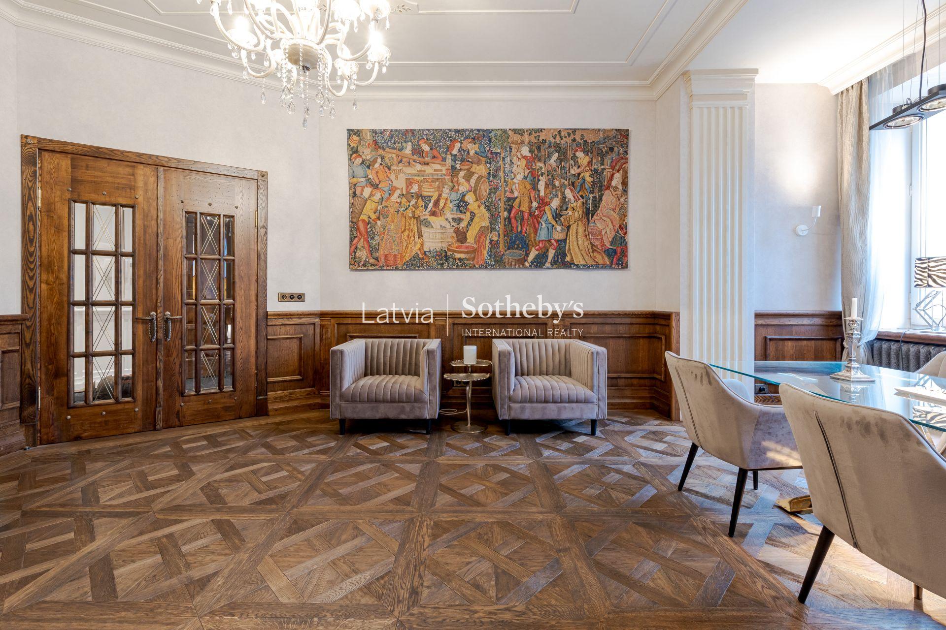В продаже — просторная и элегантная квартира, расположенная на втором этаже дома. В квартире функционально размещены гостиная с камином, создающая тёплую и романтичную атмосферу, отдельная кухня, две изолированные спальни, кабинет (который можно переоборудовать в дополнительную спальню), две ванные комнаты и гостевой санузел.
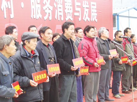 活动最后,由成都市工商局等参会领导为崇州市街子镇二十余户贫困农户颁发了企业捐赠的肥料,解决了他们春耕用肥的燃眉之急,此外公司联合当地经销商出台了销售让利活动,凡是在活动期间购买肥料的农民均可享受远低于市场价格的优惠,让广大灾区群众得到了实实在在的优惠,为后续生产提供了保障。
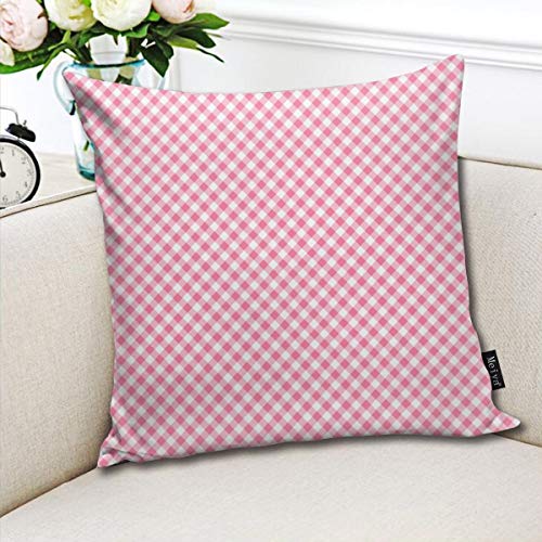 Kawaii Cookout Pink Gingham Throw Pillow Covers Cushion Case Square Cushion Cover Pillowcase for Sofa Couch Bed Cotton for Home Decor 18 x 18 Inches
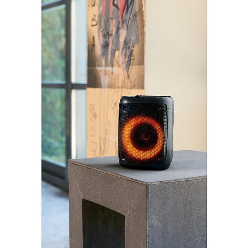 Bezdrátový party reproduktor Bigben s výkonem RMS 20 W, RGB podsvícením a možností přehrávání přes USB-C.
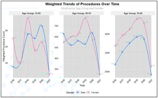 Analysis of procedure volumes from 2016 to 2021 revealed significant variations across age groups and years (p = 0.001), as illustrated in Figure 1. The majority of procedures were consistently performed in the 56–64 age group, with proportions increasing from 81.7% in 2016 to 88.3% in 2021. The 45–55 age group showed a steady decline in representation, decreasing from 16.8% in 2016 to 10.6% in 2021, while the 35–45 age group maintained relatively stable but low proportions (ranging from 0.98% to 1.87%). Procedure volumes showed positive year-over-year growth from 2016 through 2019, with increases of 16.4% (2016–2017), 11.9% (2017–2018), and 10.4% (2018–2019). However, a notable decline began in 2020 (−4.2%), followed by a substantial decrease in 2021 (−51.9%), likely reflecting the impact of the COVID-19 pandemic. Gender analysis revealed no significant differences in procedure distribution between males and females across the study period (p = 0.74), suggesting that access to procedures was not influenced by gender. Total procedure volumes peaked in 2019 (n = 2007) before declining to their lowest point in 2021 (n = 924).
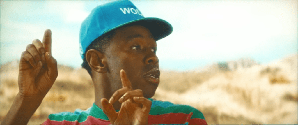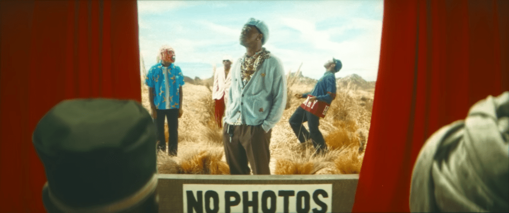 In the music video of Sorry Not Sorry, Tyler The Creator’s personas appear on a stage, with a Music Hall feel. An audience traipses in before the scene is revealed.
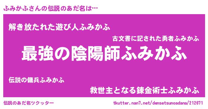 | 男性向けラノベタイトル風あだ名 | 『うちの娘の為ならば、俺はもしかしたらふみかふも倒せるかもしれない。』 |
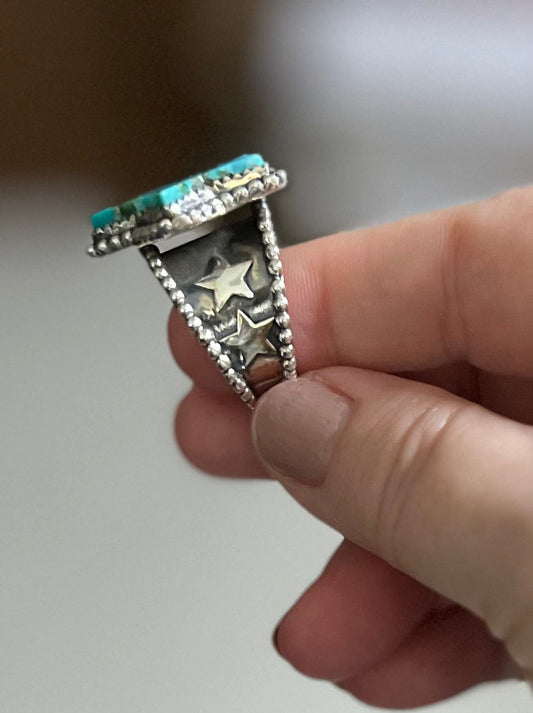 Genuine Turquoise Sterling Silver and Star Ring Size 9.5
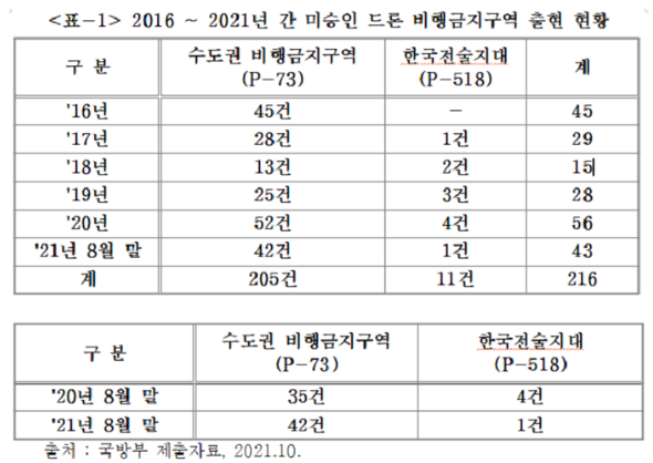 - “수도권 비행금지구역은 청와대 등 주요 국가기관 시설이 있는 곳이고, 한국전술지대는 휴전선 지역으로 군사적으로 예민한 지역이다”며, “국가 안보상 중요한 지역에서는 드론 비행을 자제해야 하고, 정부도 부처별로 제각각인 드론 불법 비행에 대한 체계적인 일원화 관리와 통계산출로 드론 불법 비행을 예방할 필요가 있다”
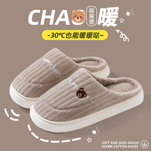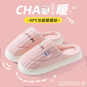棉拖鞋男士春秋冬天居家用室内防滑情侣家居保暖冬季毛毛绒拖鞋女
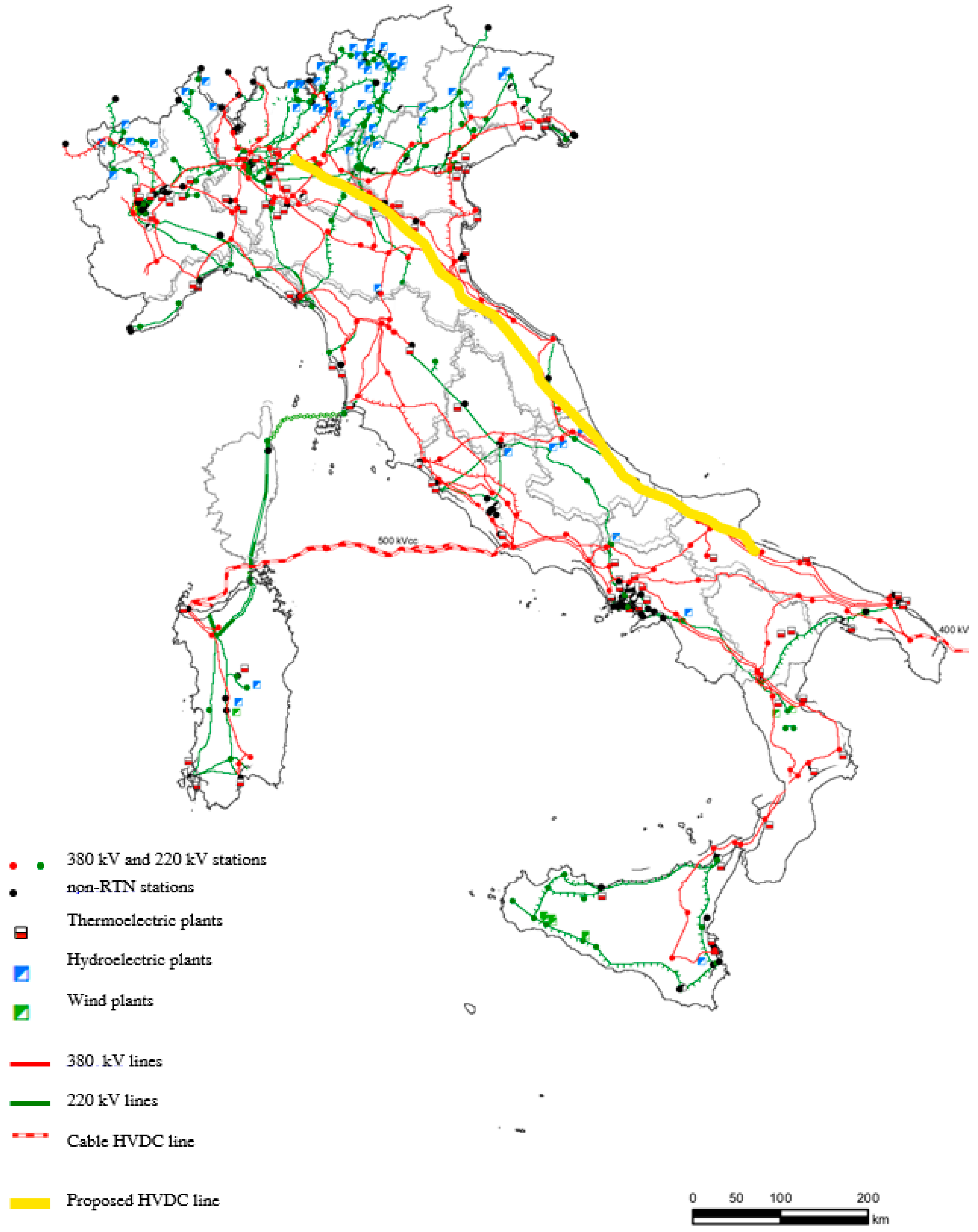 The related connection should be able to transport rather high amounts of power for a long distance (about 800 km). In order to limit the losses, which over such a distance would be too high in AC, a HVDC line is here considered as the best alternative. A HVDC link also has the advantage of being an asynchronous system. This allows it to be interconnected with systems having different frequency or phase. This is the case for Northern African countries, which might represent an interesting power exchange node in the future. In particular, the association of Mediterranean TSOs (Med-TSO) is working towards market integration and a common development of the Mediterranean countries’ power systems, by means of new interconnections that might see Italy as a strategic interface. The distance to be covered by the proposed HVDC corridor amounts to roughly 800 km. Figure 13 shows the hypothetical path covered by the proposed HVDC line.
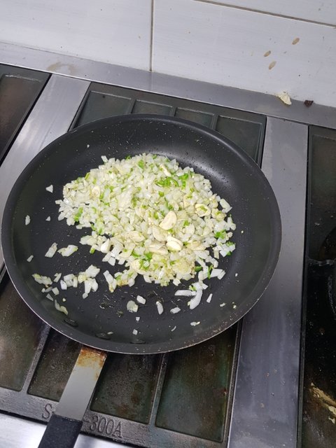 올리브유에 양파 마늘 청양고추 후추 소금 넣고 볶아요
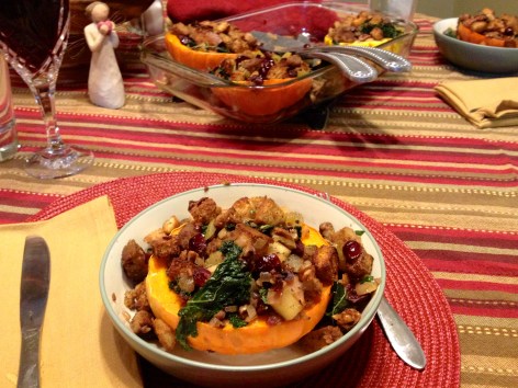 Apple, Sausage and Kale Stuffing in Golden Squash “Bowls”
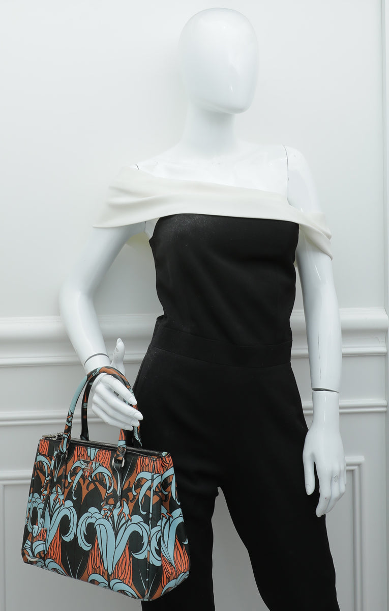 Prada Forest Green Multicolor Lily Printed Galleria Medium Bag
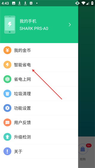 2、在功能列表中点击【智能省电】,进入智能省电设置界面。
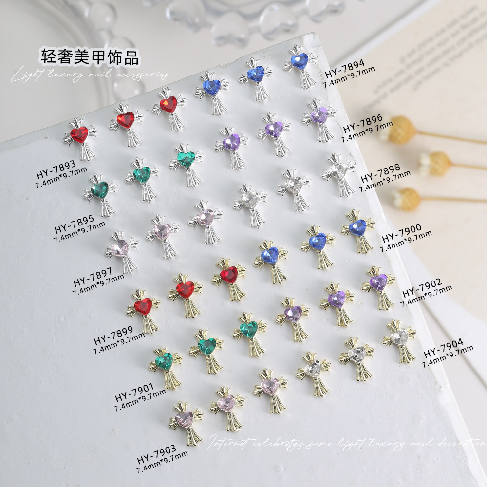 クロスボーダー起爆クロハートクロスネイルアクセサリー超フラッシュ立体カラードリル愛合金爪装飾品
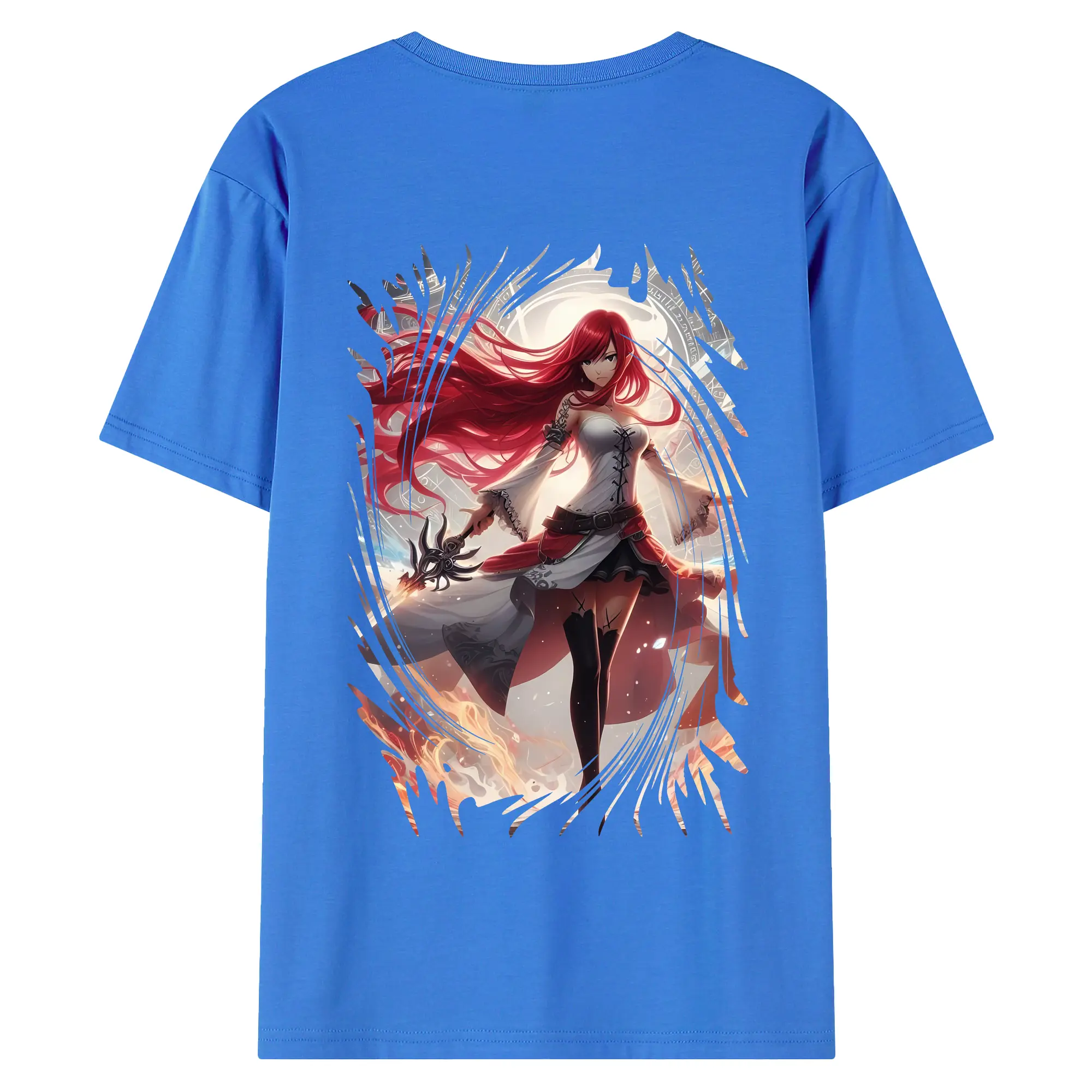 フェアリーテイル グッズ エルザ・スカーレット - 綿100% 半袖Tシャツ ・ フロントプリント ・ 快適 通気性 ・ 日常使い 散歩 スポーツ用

### To do:
Although the records above contain pictures, the copy should not; retype exactly the lines from the one containing "男性向けラノベタイトル風あだ名 | 『うちの娘の為ならば、俺はもしかしたらふみかふも倒せるかもしれない。』 |" through the one containing "棉拖鞋男士春秋冬天居家用室内防滑情侣家居保暖冬季毛毛绒拖鞋女".

### Output below:
 | 男性向けラノベタイトル風あだ名 | 『うちの娘の為ならば、俺はもしかしたらふみかふも倒せるかもしれない。』 |
 Genuine Turquoise Sterling Silver and Star Ring Size 9.5
 - “수도권 비행금지구역은 청와대 등 주요 국가기관 시설이 있는 곳이고, 한국전술지대는 휴전선 지역으로 군사적으로 예민한 지역이다”며, “국가 안보상 중요한 지역에서는 드론 비행을 자제해야 하고, 정부도 부처별로 제각각인 드론 불법 비행에 대한 체계적인 일원화 관리와 통계산출로 드론 불법 비행을 예방할 필요가 있다”
棉拖鞋男士春秋冬天居家用室内防滑情侣家居保暖冬季毛毛绒拖鞋女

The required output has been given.